The door to the office is now closed, and the round school clock ticks, last seconds, beginnings’hellip;as the wastebasket begins to overflow with yellow-lined fits and starts, spent ammo
that missed its target, some with one word, a line, a stanza, some full sheets stillborn. Muse? How does one say goodbye to a friend: ‘Those who know don’t speak; Those who speak don’t know.’
So it is with some human beings, those who share poems and pet stories, who are conscious of another calendar, and each other. Kathleen, come back and tell me what it’s like to be an electron, small and intense, so thin.

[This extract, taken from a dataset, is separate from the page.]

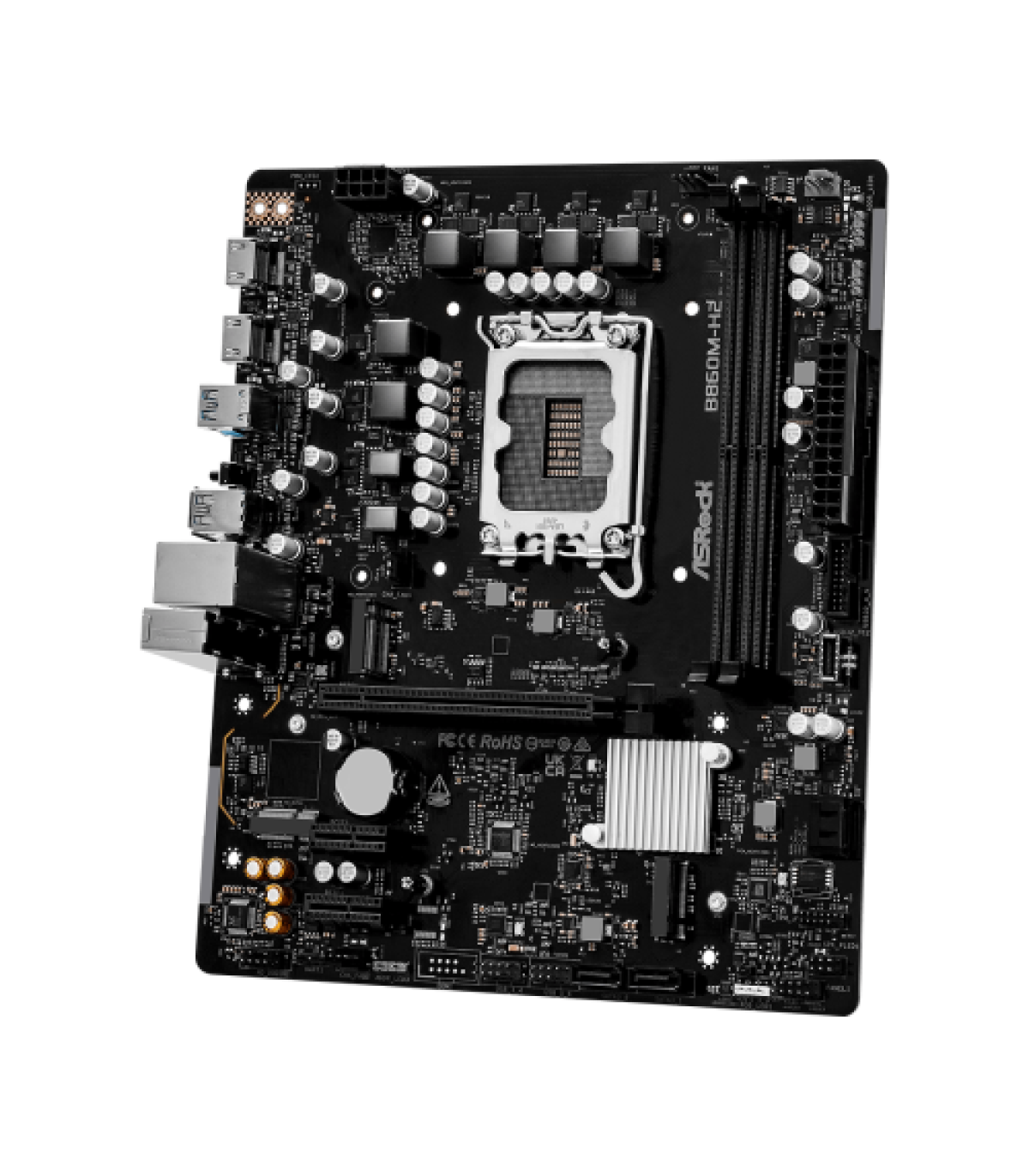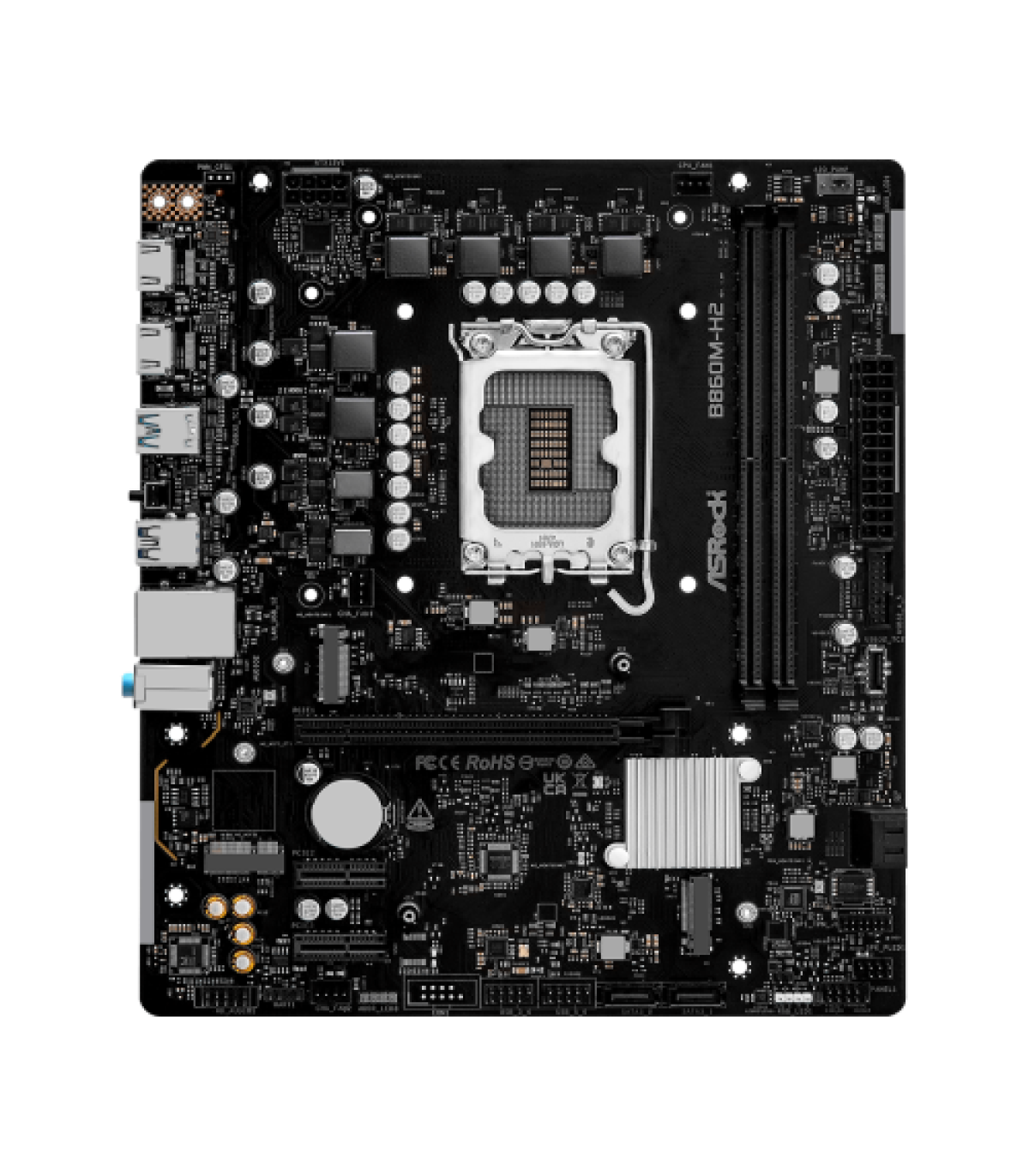 Asrock B860M-H2. Fabricante de procesador: Intel, Socket de procesador: LGA 1851 (Socket V1), Procesador compatible: Intel Core Ultra (Series 2). tipos de memoria compatibles: DDR5-SDRAM, Memoria interna máxima: 128 GB, Tipo de ranuras de memoria: DIMM. Interfaces de disco de almacenamiento soportados: M.2, SATA III, Tipos de unidades de almacenamiento admitidas: HDD & SSD, Niveles RAID: 0, 1, 5, 10. Tipo de interfaz ethernet: Gigabit Ethernet, Controlador LAN: Realtek RTL8111H. Componente para: PC, Factor de forma: micro ATX, Familia del chipset: Intel

Will you be invisible the whole day, will your eyes go soft and wet with new mysteries, possibilities? Are you tired after so many years teaching over and over the secrets of writing: Read and Write.
Tired of attendees listening to every word, praying for recognition and affirmation? I struggle to find the words to say how sad is my reflection in this office window, but how glad
to imagine you under a straw hat in an arbitrary garden, a lady bug in hand, a little dog at your feet, a table nearby with flowers and an open book, each line breaking off a bit of the world, while you pursue your own black on white.
Every writer creates his own language, so I finally find the words: friendship is like a river that is always splitting up into arms that reunite, friends are ageless, more alive than the living, set apart from the others in our lives.